▶ Records from a data source:
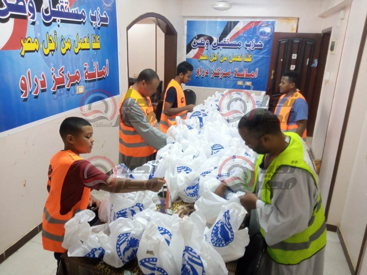 وفي محافظة أسوان،تواصل أمانة مركز دراو إعداد وتجهيز وجبات الإفطار حيث يشارك عدد كبير من شباب الحزب في الإعداد والتجهيز اليومي الي جانب خدمة التوصيل والتوزيع في أماكن التجمعات والشوارع الرئيسية والأحياء المجاورة للمدينة، وتستمر الفاعلية طوال أيام شهر رمضان المبارك، كما تستكمل أمانة مركز إدفو، معرض "أهلا رمضان"، لبيع السلع الاستهلاكية بأسعار مخفضة، وتوفير الاحتياجات الأساسية للمواطن ودعم الدولة فى توفير الرعاية والخدمة للمواطن.
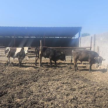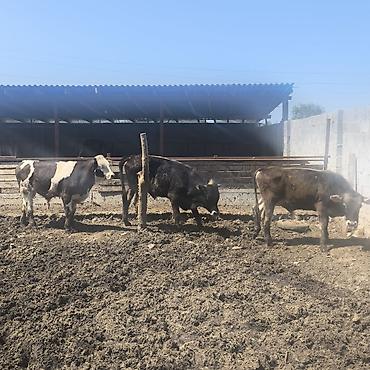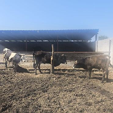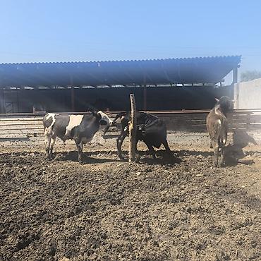 - В продаже молодняк КРС: на фото 3 бычка разной масти (черно‑пестрый, черный, бурый).
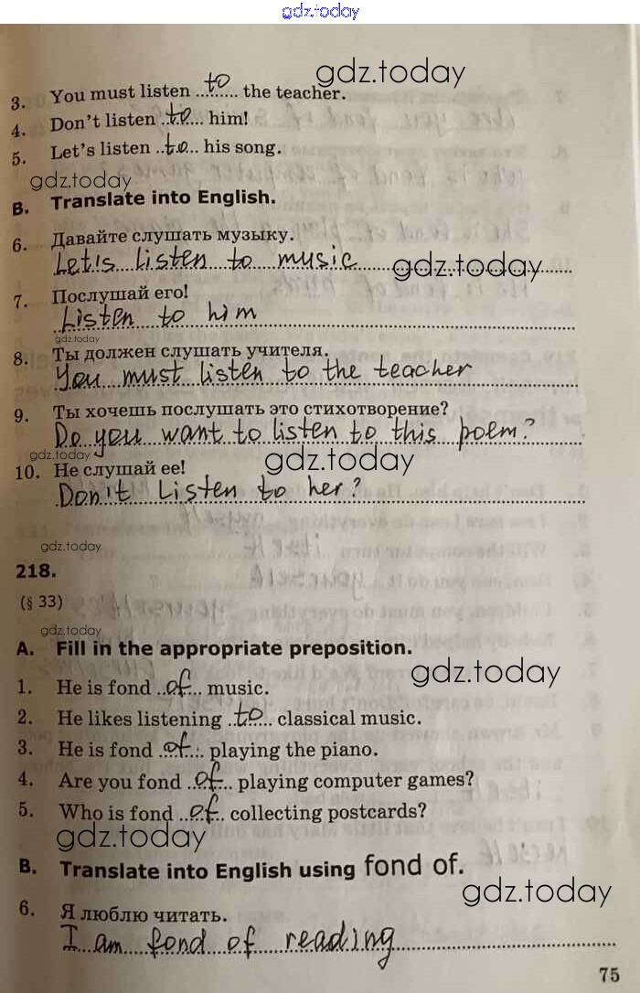 На страницах сайта gdz.today вы найдете учебный и вспомогательный материал, направленный на улучшения знаний школьной программы. ГДЗ - онлайн мир знаний Unit 8 Решение к части 2 стр.75 Сборнику упражнений по Английскому языку для 5-6 класса Барашкова Экзамен УМК 2017
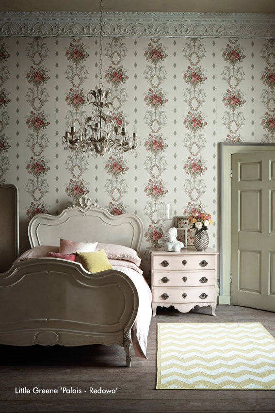 The Little Greene Palais Wallpaper is a classic interpretation of a pattern that's characteristic of French wallpaper panels produced by the manufacturer Réveillon from the late 1700s onwards. This design showcases a timeless elegance that is rooted in history.
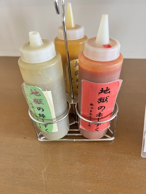 地狱的红滴是热辣椒酱,非常辛辣,所以我选择尝试了绿色的哈拉佩尼奥酱和黄色的咖喱酱。

▶ TASK REQUIREMENTS:
Drop the images; return the entries above exactly as they appear.

▶ WRITTEN SOLUTION:
 وفي محافظة أسوان،تواصل أمانة مركز دراو إعداد وتجهيز وجبات الإفطار حيث يشارك عدد كبير من شباب الحزب في الإعداد والتجهيز اليومي الي جانب خدمة التوصيل والتوزيع في أماكن التجمعات والشوارع الرئيسية والأحياء المجاورة للمدينة، وتستمر الفاعلية طوال أيام شهر رمضان المبارك، كما تستكمل أمانة مركز إدفو، معرض "أهلا رمضان"، لبيع السلع الاستهلاكية بأسعار مخفضة، وتوفير الاحتياجات الأساسية للمواطن ودعم الدولة فى توفير الرعاية والخدمة للمواطن.
 - В продаже молодняк КРС: на фото 3 бычка разной масти (черно‑пестрый, черный, бурый).
 На страницах сайта gdz.today вы найдете учебный и вспомогательный материал, направленный на улучшения знаний школьной программы. ГДЗ - онлайн мир знаний Unit 8 Решение к части 2 стр.75 Сборнику упражнений по Английскому языку для 5-6 класса Барашкова Экзамен УМК 2017
 The Little Greene Palais Wallpaper is a classic interpretation of a pattern that's characteristic of French wallpaper panels produced by the manufacturer Réveillon from the late 1700s onwards. This design showcases a timeless elegance that is rooted in history.
 地狱的红滴是热辣椒酱,非常辛辣,所以我选择尝试了绿色的哈拉佩尼奥酱和黄色的咖喱酱。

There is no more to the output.